— What to do —
Print, exactly as they stand, the lines below from the one that has "Honey Bee Colony" to the one that has "White vanity set", inclusive, leaving out the pictures.

— Given records —
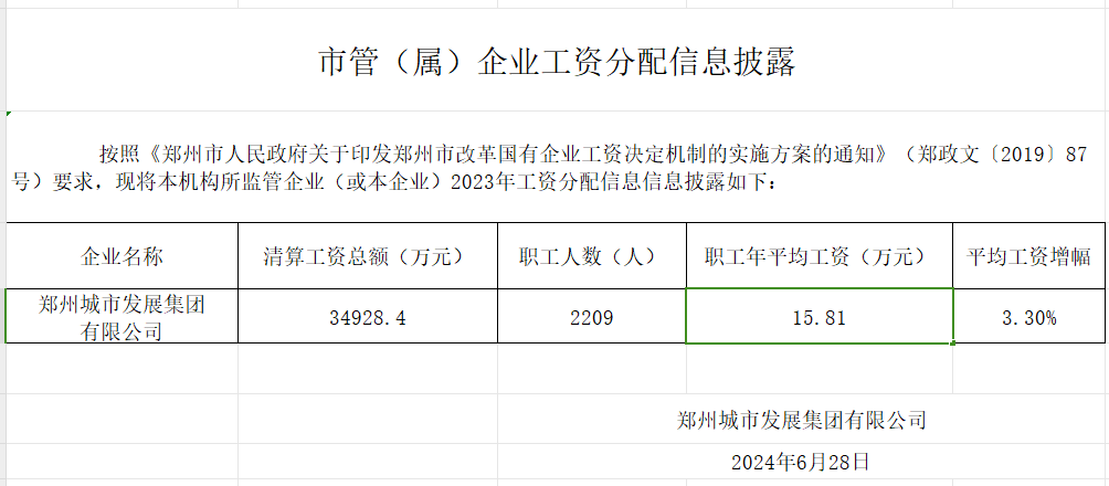 鄭州城市發展集團有限公司2023年薪酬情況
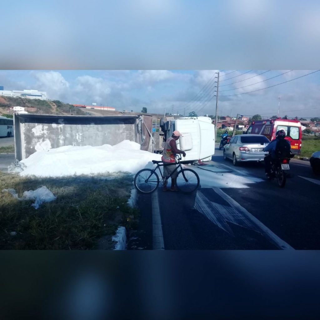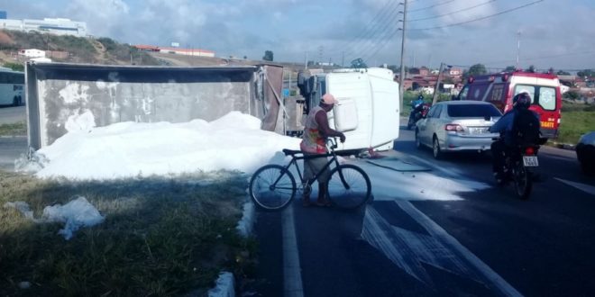 Um caminhão caçamba carregado de caulim tombou no início da manhã desta sexta-feira (7), na BR-230, na divisa entra Bayeux e Santa Rita, na Região Metropolitana de João Pessoa.
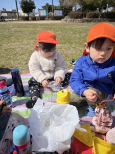 噴水公園ではまずは、みんなで朝のおやつを食べました🍘
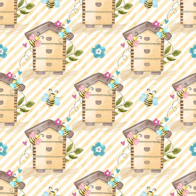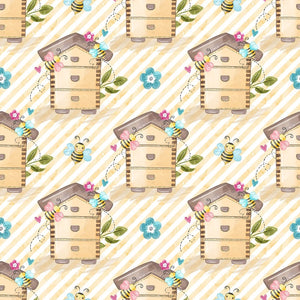Honey Bee Colony & Stripes Fabric - White/Yellow Details
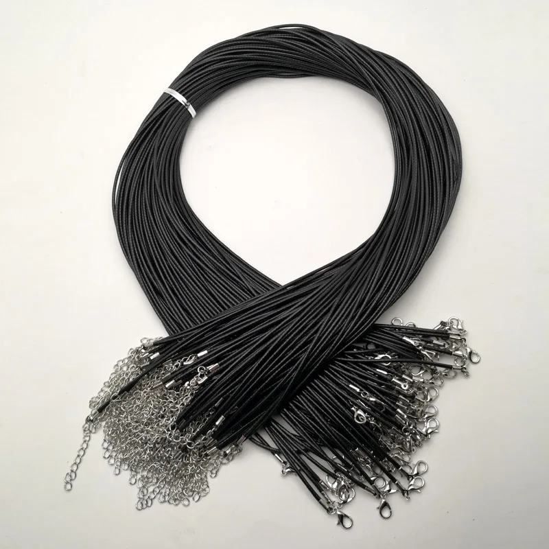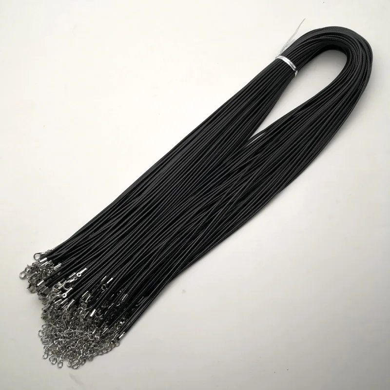 Модная 2,0 мм 45 см 60 см 70 см + 5 см черная Вощеная Веревка Карабин Застежка ожерелье шнурок ювелирные изделия Кулоны шнуры 100 шт.лот Бесплатная доставка
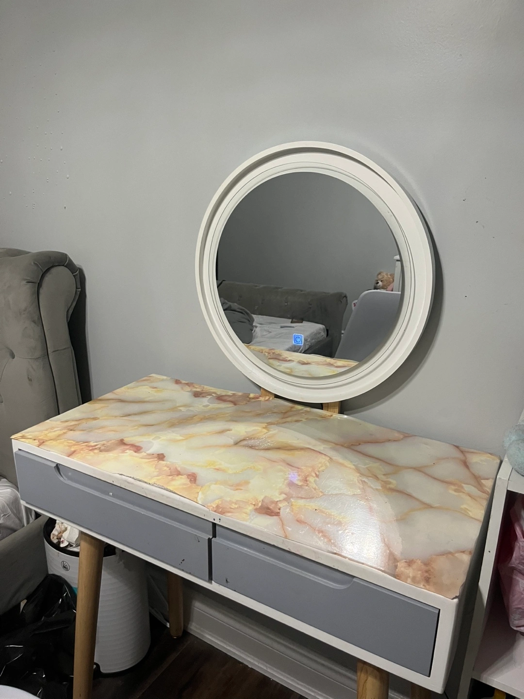 White vanity set with marble-look top. Two drawers. Round mirror. Includes a white plastic chair with wooden legs. Minimalist style.
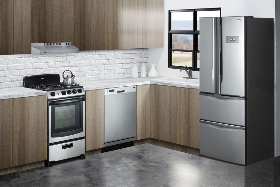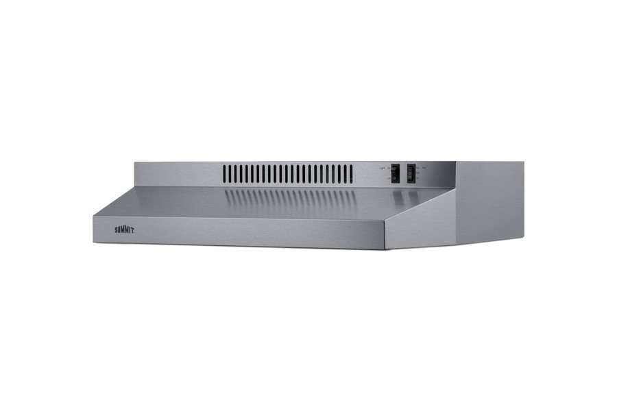 Summit's under cabinet convertible range hoods offer versatile ventilation solutions for every kitchen space. Model H24RSS is a 24" wide range hood ideal for apartments and other smaller kitchens. It features an attractive stainless steel finish with a horizontal grain. We include a pre-installed light bulb to illuminate your cooking surface. The 2-speed fan is easily managed by a rocker switch with a high and low ventilation setting. This hood is convertible for horizontal or vertical ducted ventilation or ductless/recirculating ventilation where no exhaust connection to the outside is available. It ships ready for standard 3 1/4" x 10" rectangular ducting, but it can be used with a round 6" or 7" duct with the addition of a transition (not included). We include a metal mesh filter to catch grease and a charcoal filter to absorb smoke and odors when using in recirculating applications. This unit does not include a power cord and is designed to be hard-wired by a licensed professional. Additional convertible range hoods are available in 18", 20", 30", and 36" sizes, with more styles and choices coming soon. We also manufacture an extensive selection of 24" wide ranges and cooktops, providing complete kitchen solutions at incredible value. Browse the full Summit product line to explore your options.
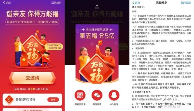 想要获得万能福卡,支付宝的入口有些不起眼,在主页进入集五福界面,点击我的福卡,然后再点击福卡榜,在顶部就会出现“邀亲友集福,你得万能福”的字样,点击去邀请,只要邀请一名新用户,必得一张万能福。这个界面也有机会在我的福卡界面左侧出现一直蓝色蚂蚁,点击也可进入。
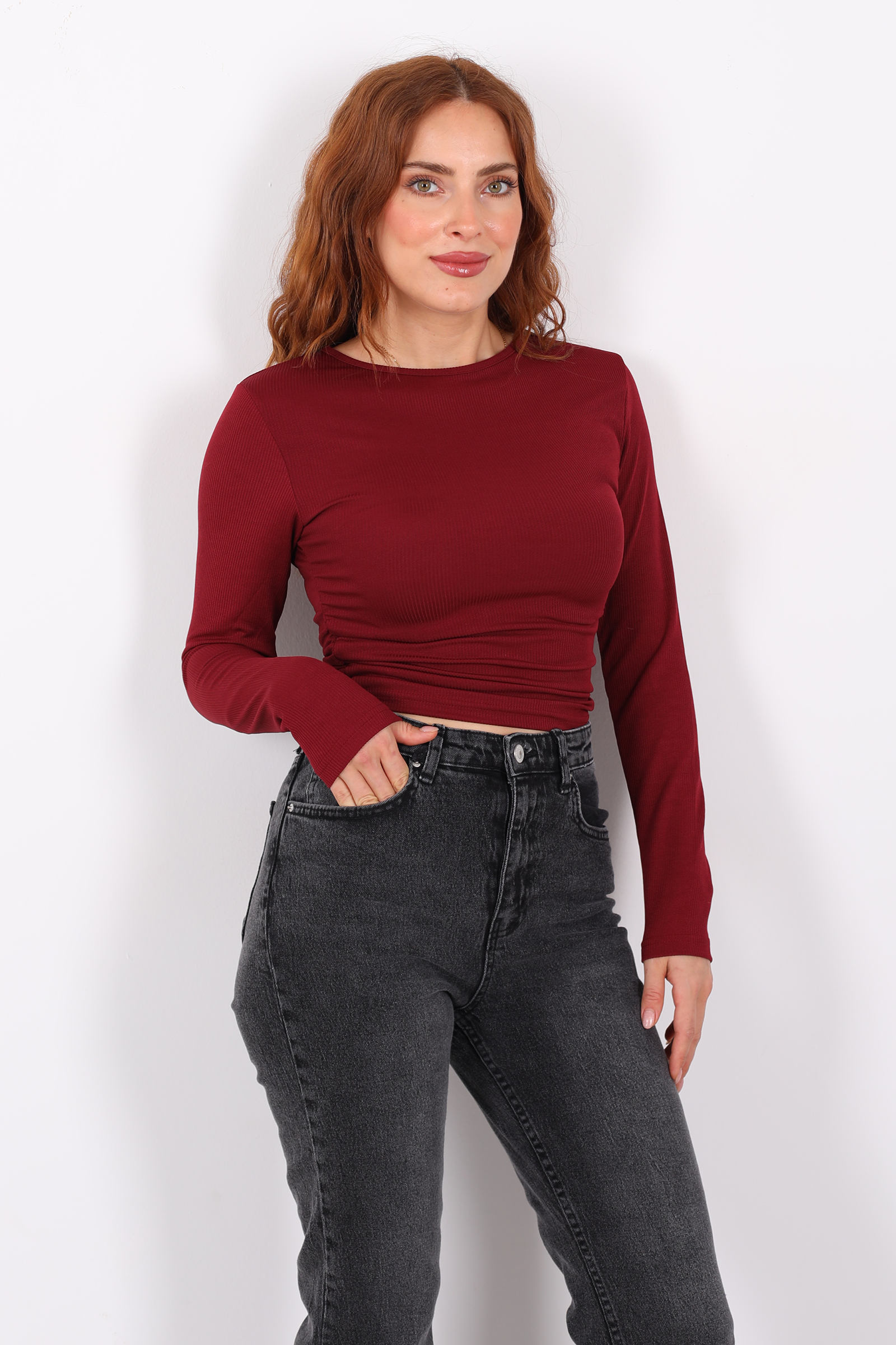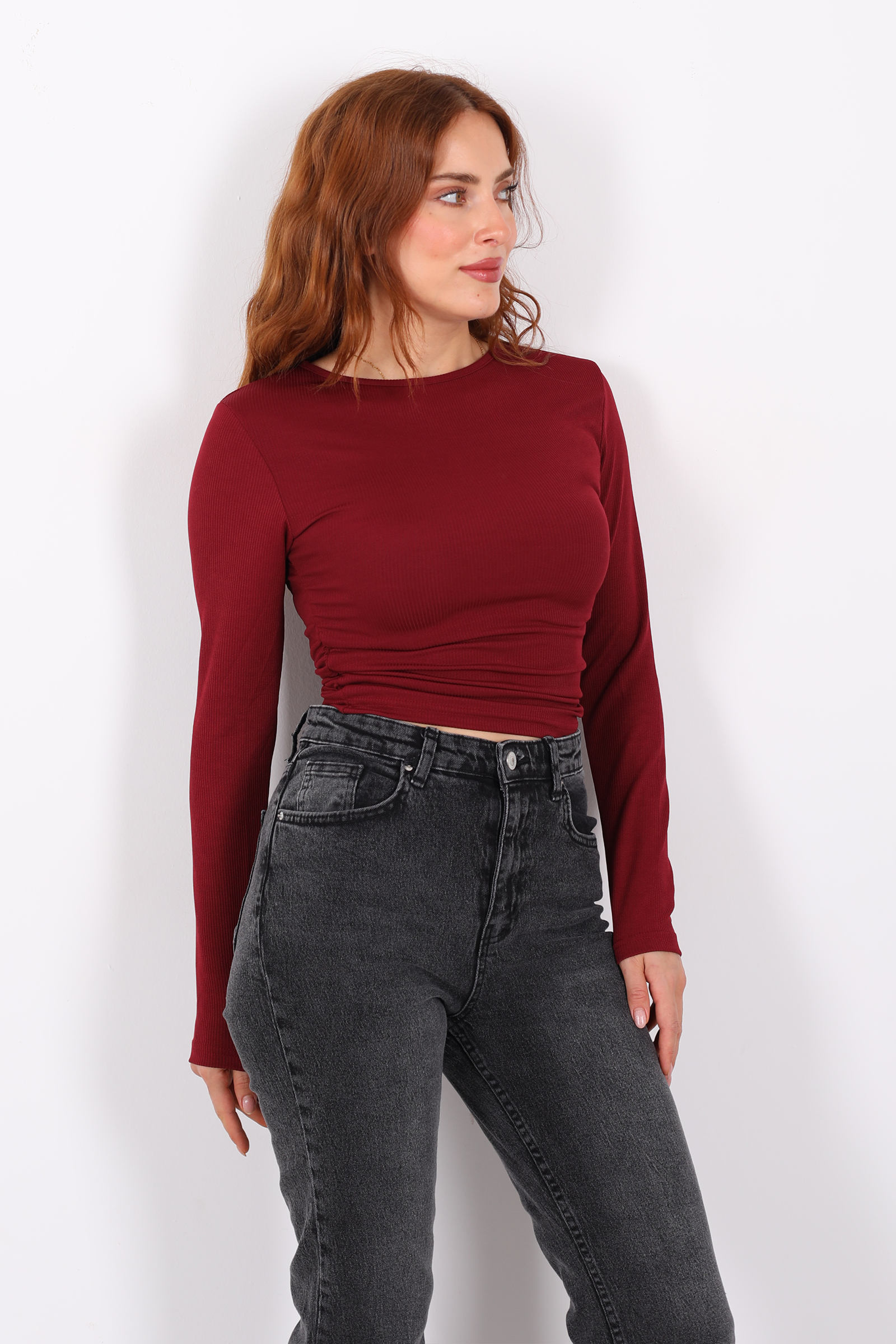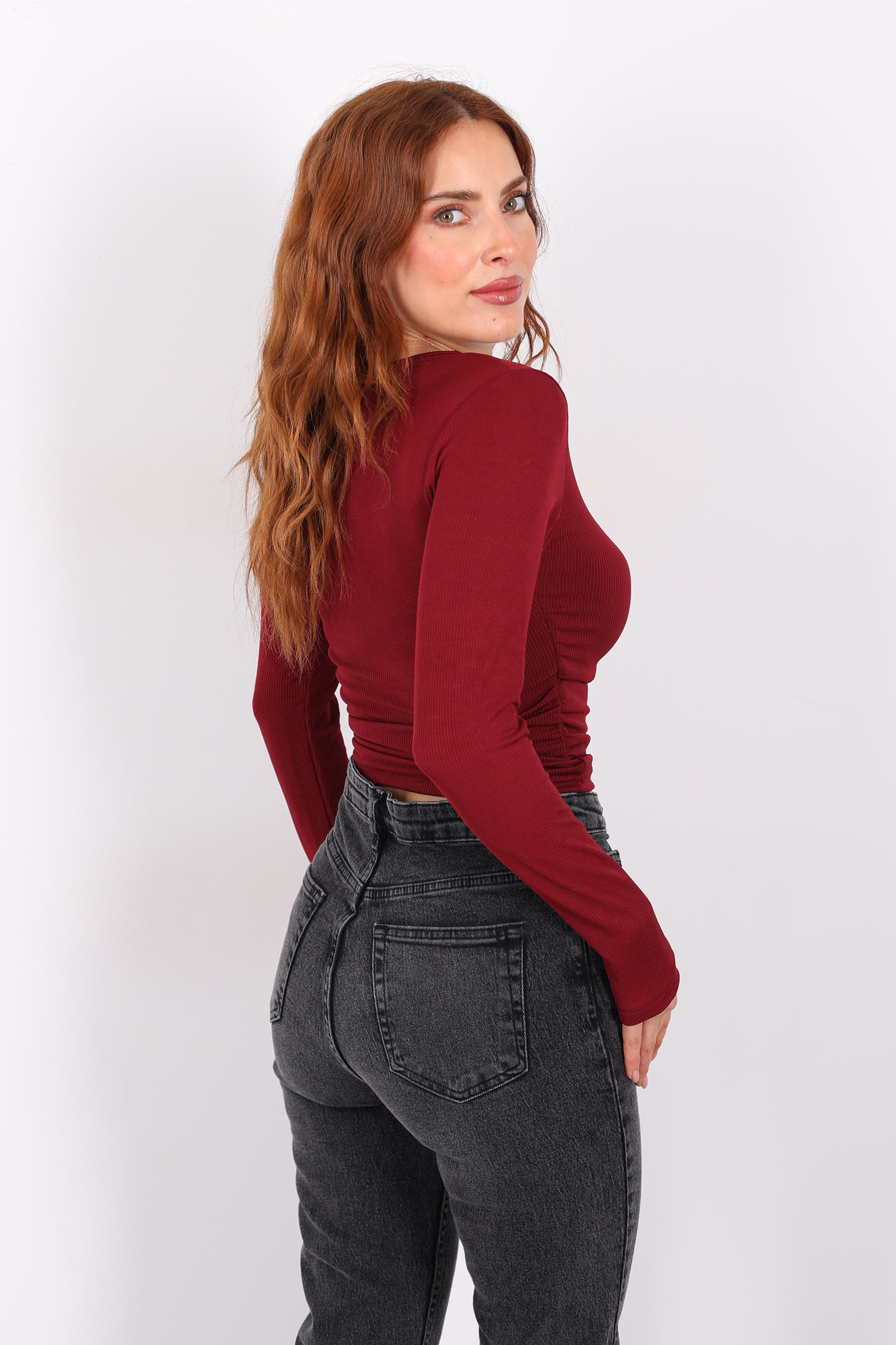 Bordo tonunun sıcak ve derin etkisi, yanı büzgülü tasarım ile birleşerek göze çarpan, sofistike bir görünüm yaratıyor. Yan büzgüler, bel ve yan hatlarda zarif bir hareket kazandırırken, gövdeye hafif bir kıvrım vererek bluzun klasik formuna modern bir yorum ekliyor.Bluzu koyu renkli kalem etek veya kumaş pantolon ile tamamlayarak profesyonel bir görünüm yaratabilirsiniz.

— Result —
Honey Bee Colony & Stripes Fabric - White/Yellow Details
 Модная 2,0 мм 45 см 60 см 70 см + 5 см черная Вощеная Веревка Карабин Застежка ожерелье шнурок ювелирные изделия Кулоны шнуры 100 шт.лот Бесплатная доставка
 White vanity set with marble-look top. Two drawers. Round mirror. Includes a white plastic chair with wooden legs. Minimalist style.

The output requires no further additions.